As it gets close to the holidays and to the season of being thankful, I often think of my work and the colleagues I have. The Thanksgiving recipes I have received from a colleague. The insight on holiday sales from colleagues. And the reminder to take a break when I need it. I love my colleagues. We have a great time together and we help each other out. We’re friends, but we’re also colleagues who have a shared interest in helping people heal and grow.
“I value my colleagues as my friends.”
You’re not alone. You’re not the only one feeling burned out, being called on to do more with less, or feeling like you can’t do everything on your plate
We, therapists, are in a unique position of needing to take care of ourselves while also caring for others, and so we need some extra support and understanding from each other. If we don’t look after ourselves first, then how can we look after our clients?
“I am part of a larger community. Larger than a group practice, bigger than a school.”
When you open the door of a therapist’s office, you enter a sacred space. This is where people go to feel safe and to share their innermost thoughts with others who understand. It is a place where they find healing and growth, often for years at a time.
I am part of this community as well, working with clients privately as well as cooperating with other therapists in my area through professional organizations and training opportunities offered by our state association.
“As our own business owners, we are often on our own, isolated. It’s very powerful to collaborate with colleagues.”
Therapists have learned that collaboration is an important part of their business. The therapist community is a place where they can feel supported and share resources. We often talk with each other, as well as refer clients to one another when we are not the right fit for them (or if there’s simply no room in our schedule). It’s also helpful to get feedback from colleagues about what we do well, what we could improve upon, and how best to serve our clients.
“It’s nice to have other therapists available to talk to about difficult cases. To bounce ideas off one another.”
The term “bounce ideas off one another” means that you can talk with other therapists about difficult cases, especially when you’re feeling like you’re stuck or need a fresh perspective. Bouncing ideas off one another can be helpful in many ways:
- You may find that your colleagues see something in the case that you don’t, which might lead to a breakthrough (or at least a new perspective).
- Since everyone has different clinical experiences and areas of expertise, you may learn about an aspect of therapy you hadn’t considered before. For example, if your colleague specializes in working with trauma victims but hasn’t worked with children who’ve experienced physical abuse yet, he or she could give you some helpful advice on how to proceed with your client’s treatment plan.
- Sometimes it’s just nice to have someone else listen! If a therapist tells me something helpful while I’m venting my frustrations about a particularly challenging client, it feels good knowing that someone cares enough to listen without judging me.
“They say that [therapy] is a lonely profession. But it doesn’t have to be. You can find your community.”
You can find your community.
Therapy is a lonely profession, and it often feels that way because therapeutic communities are hard to come by. The good news is that there are many ways for therapists to find their community, regardless of where they live or work.

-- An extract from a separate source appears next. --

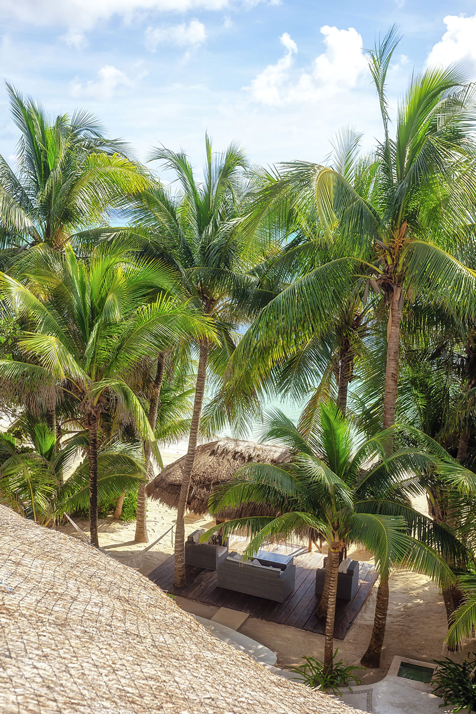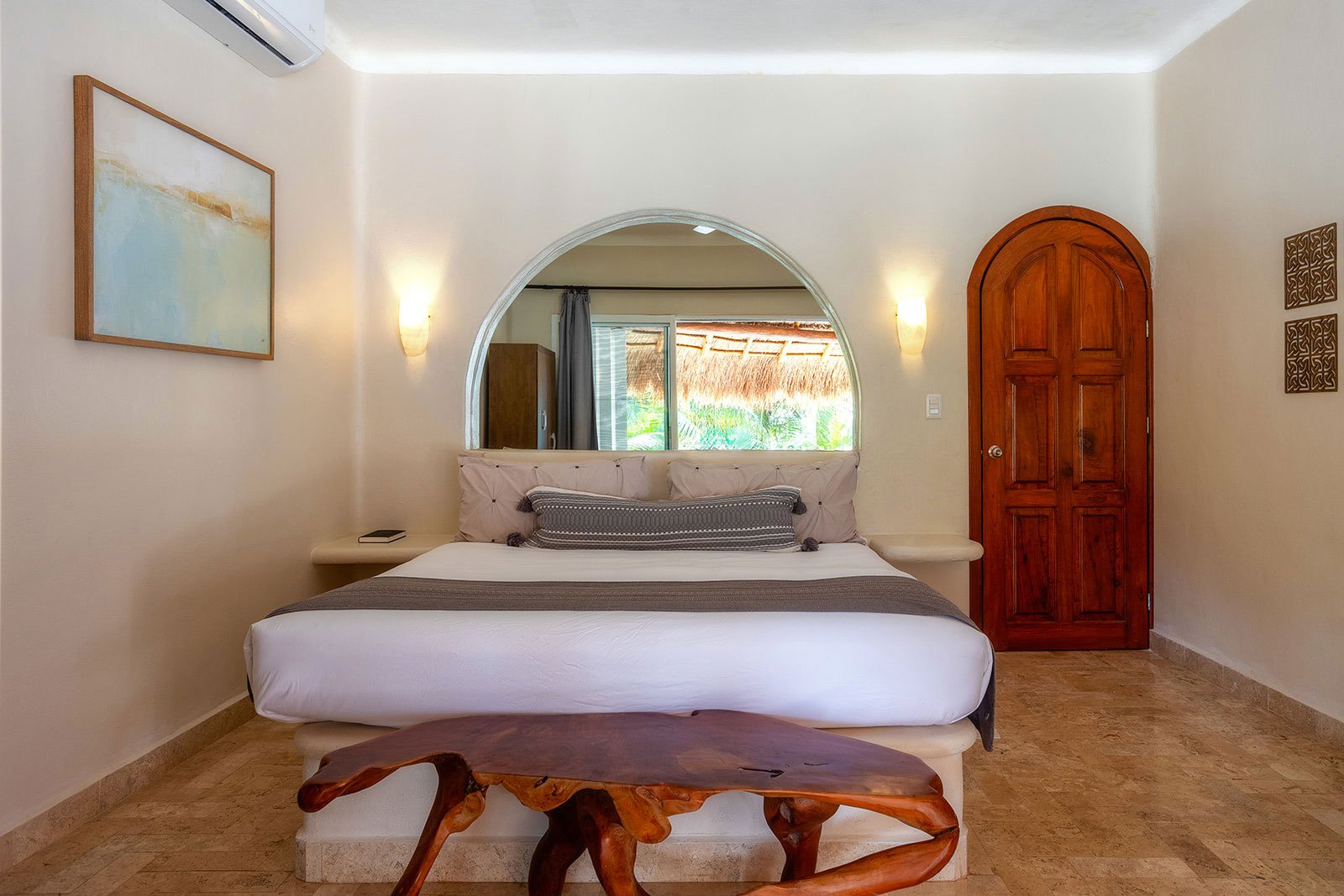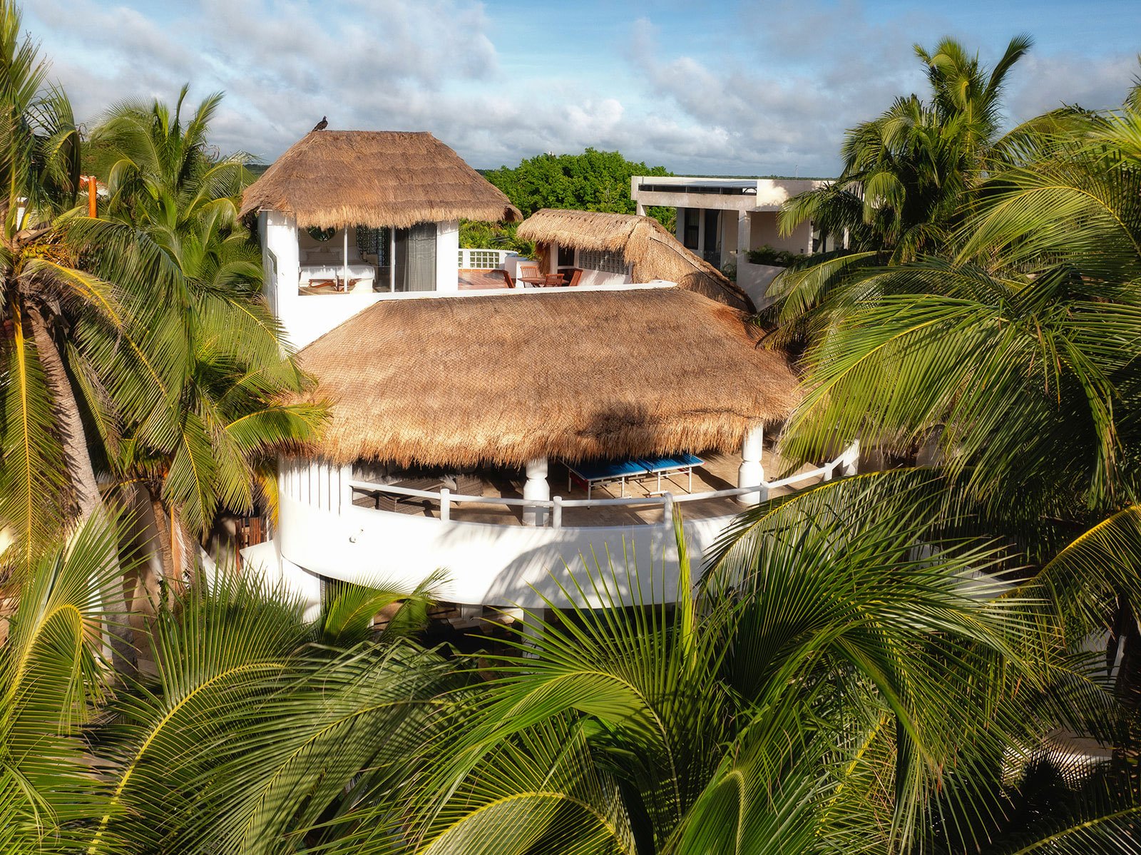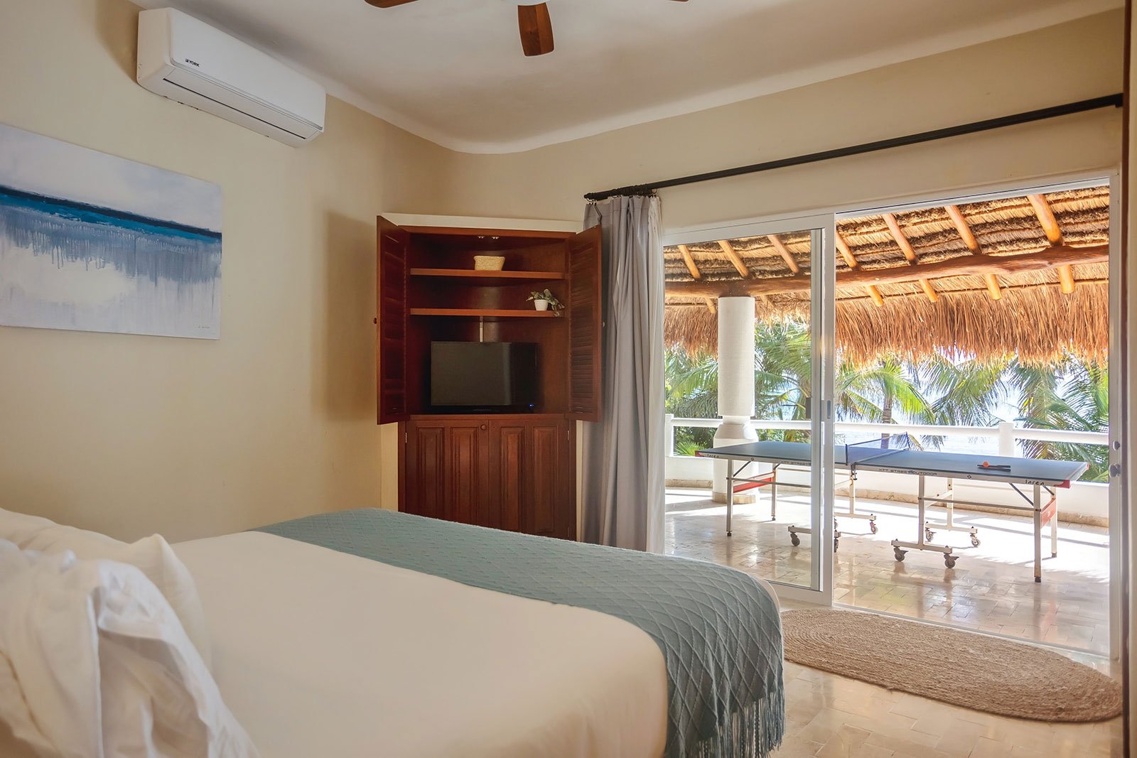 Take the exterior staircase to the rooftop master suite, set beneath a charming palapa. This romantic haven boasts its own private deck and offers sweeping views of both the Caribbean Sea and the lush tropical jungle—an elevated paradise where nature and comfort meet.

Online forums and social media groups offer great opportunities for therapists to connect with each other in real time, allowing them to share resources like worksheets or ideas about how to better run their practices. Professional organizations also provide a way for therapists from all over the world (and even within one city) to meet up at conferences and workshops where they can discuss important issues facing our field as well as get inspired by each other’s work. Therapy groups provide support both online and face-to-face through peer counseling services offered by local mental health agencies; these groups allow clients who may not have access yet affordably available through insurance coverage still gain access to necessary support while completing treatment plans set forth by their care providers.”
Therapists need their communities for support and collaboration just like everyone else does.
Therapists are often isolated, but they can find community. Therapists can benefit from collaboration. Therapists can benefit from a community of colleagues. Therapists can benefit from a community of friends. Therapists can benefit from a community of working together in their practices, clinics, and centers with other therapists, who are also trying to make the world better for people struggling with mental health issues and substance use problems all over the world!
If you’re a therapist and you’re feeling isolated, remember that the world is full of people who want to help. You just have to reach out to them. If you need support as well as collaboration, consider joining some kind of community – it could be anything from an online group like this one or even something more formal like an association or organization with chapters all over the country/world.